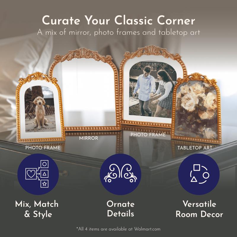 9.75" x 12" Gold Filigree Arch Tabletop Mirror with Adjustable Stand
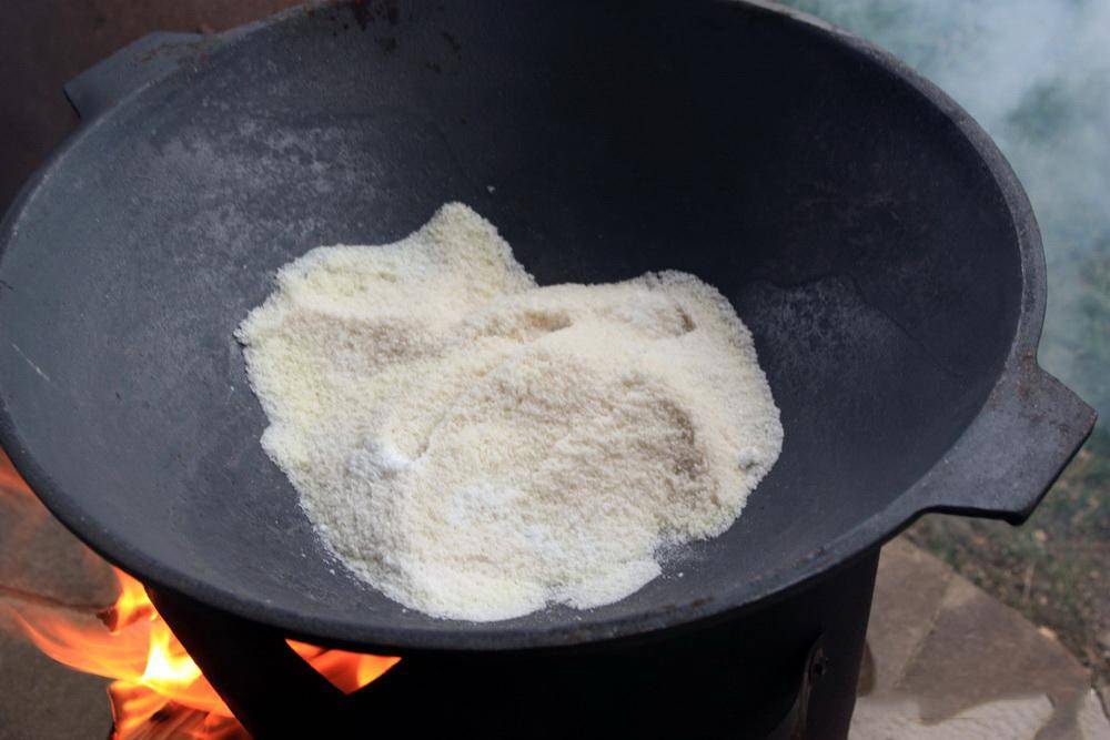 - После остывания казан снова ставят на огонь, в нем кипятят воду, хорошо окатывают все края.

...

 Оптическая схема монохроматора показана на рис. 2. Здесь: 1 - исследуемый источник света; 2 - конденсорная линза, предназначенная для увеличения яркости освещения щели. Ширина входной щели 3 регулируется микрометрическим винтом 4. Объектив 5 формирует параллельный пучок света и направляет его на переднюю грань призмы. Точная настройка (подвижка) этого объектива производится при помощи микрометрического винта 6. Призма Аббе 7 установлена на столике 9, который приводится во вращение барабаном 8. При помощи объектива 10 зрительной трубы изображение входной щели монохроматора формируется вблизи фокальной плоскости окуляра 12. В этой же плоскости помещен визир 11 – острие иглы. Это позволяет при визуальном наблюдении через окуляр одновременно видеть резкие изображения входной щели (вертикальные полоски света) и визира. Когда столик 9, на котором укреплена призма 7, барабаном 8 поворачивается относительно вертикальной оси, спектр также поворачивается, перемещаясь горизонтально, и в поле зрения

### GOAL OF THE EXERCISE
The output is the stretch above from the line with "with Adjustable Stand" through the line with "- После остывания", copied word for word with both ends kept and every picture dropped.

### RESULT
 9.75" x 12" Gold Filigree Arch Tabletop Mirror with Adjustable Stand
 - После остывания казан снова ставят на огонь, в нем кипятят воду, хорошо окатывают все края.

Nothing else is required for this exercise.